Three decades ago the World Health Organisation clearly established that a fundamental tenet of reducing tobacco consumption be not only via reducing overall smoking rates, but also encouraging non-smokers to remain non-smokers. The evidence does not suggest e-cigarettes should be viewed as safer or more successful than NRT. It is seductive for our addicted patients to think there might be a safe and clean way to ingest nicotine – but this misguided notion should be struck down immediately and with the full might of medical evidence available. 

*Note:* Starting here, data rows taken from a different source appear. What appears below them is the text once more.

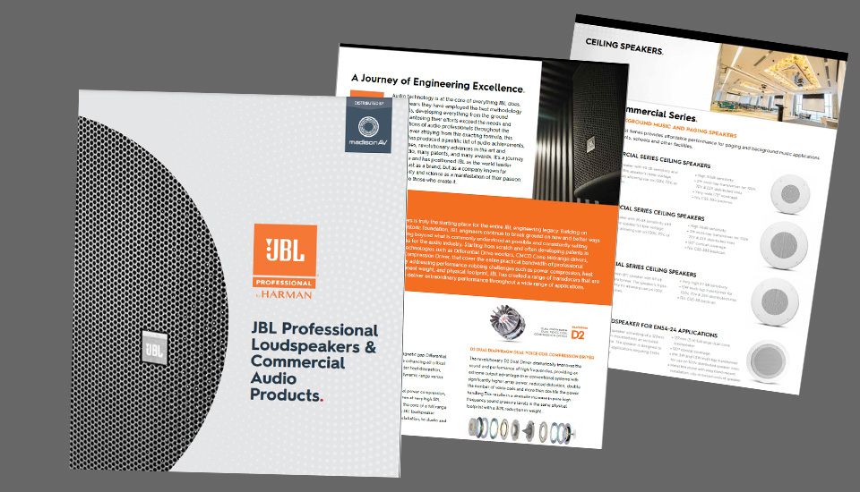 Did you know JBL is owned by HARMAN Professional, and their sister brands include Crown, BSS, dbx, AMX and AKG? This means that  JBL products can be supplied as part of an integrated solution which includes zone processors, amplifiers, microphones, video control systems and more.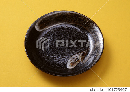 一塊放在黃布上的黑色日本盤子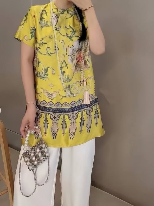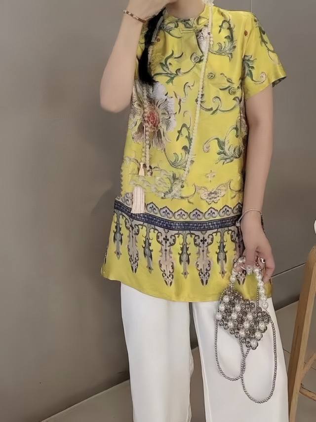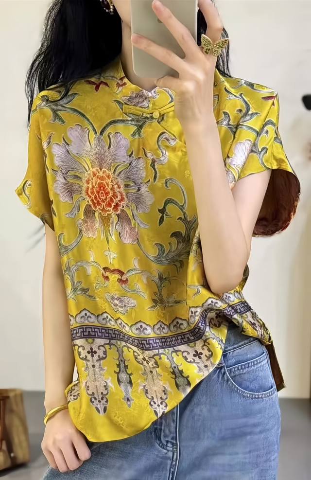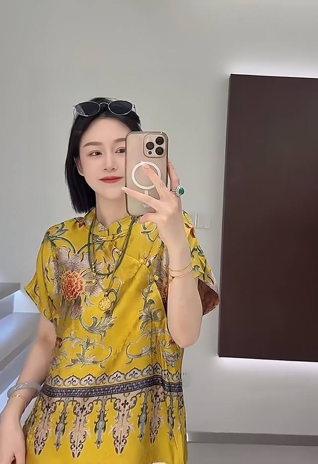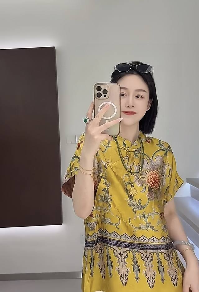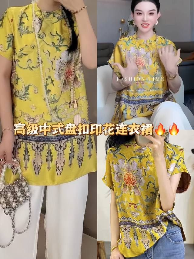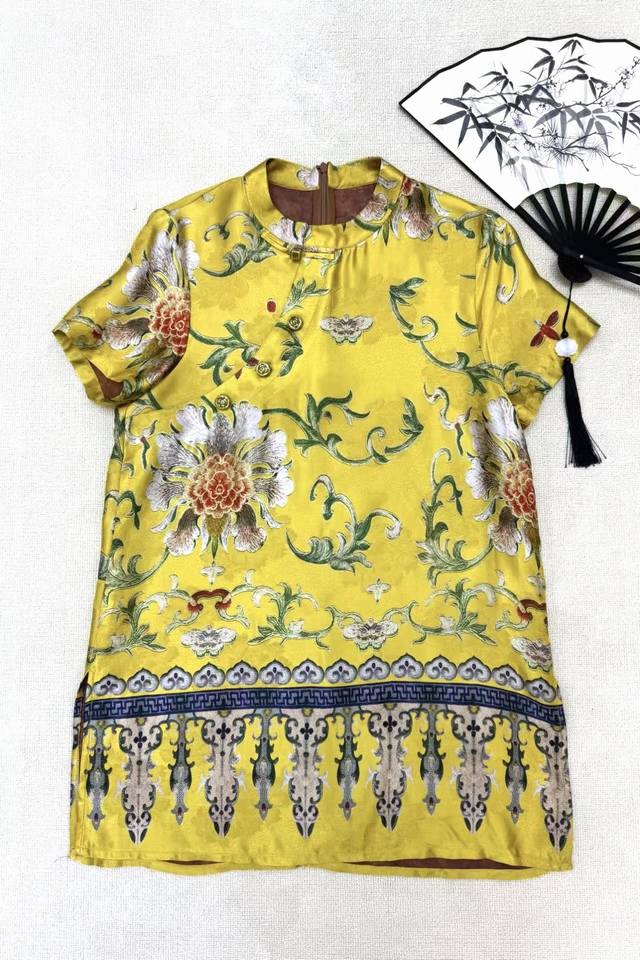 Invincible hot-selling high-end fashion button-printed Chinese mid-length skirt with traditional floral patterns on the body and exquisite trims on the hem, combining classical charm with a fashionable sense, showing oriental aesthetics Smlxl

E-cigarettes may have the potential to assist some smokers to quit, but will increase harm from tobacco if they increase the number of children who become addicted to nicotine, reduce the likelihood smokers will quit completely in a mistaken belief they are safe with vaping, tragically entice former smokers back to smoking, or ‘re-glamorise’ the act of smoking.

E-cigarette success rates in general do not exceed those in unassisted or low assistance NRT trials and current evidence remains insufficient, in my view, to demonstrate that e-cigarettes enhance quit attempts/success. Moreover, those attracted to e-cigarettes may be a different sub-group to those who have accessed conventional NRT (younger, non-white, higher income, lower dependence, shorter smoking history, higher lifetime quit attempts). It must be recognised, however, that the nicotine dose may be insufficient in e-cigarettes trialled to date (but patients can just use combination NRT anyway) and the level of counselling support has often been insufficient. 

Perhaps nicotine used in e-cigarettes should be a scripted item no different than Champix when used as part of a supported quit attempt with cognitive behaviour therapy and GP/addiction physician input. Anything else is fraught and has no credible evidence basis. We would perhaps be better served expanding public and clinician education regarding quit aids and techniques and improving access to other more credible cessation aids e.g. let us fund combination NRT (patch and oral form together) for an appropriate period of time. We cannot sacrifice the vulnerable in the hope we achieve durable smoking cessation in a few. Let’s stay our course for now and keep e-cigarettes in the shadows,  thinking very carefully about any system that legitimises them as a quitting aid. Meanwhile, keep your eyes on Canada to see how they fare.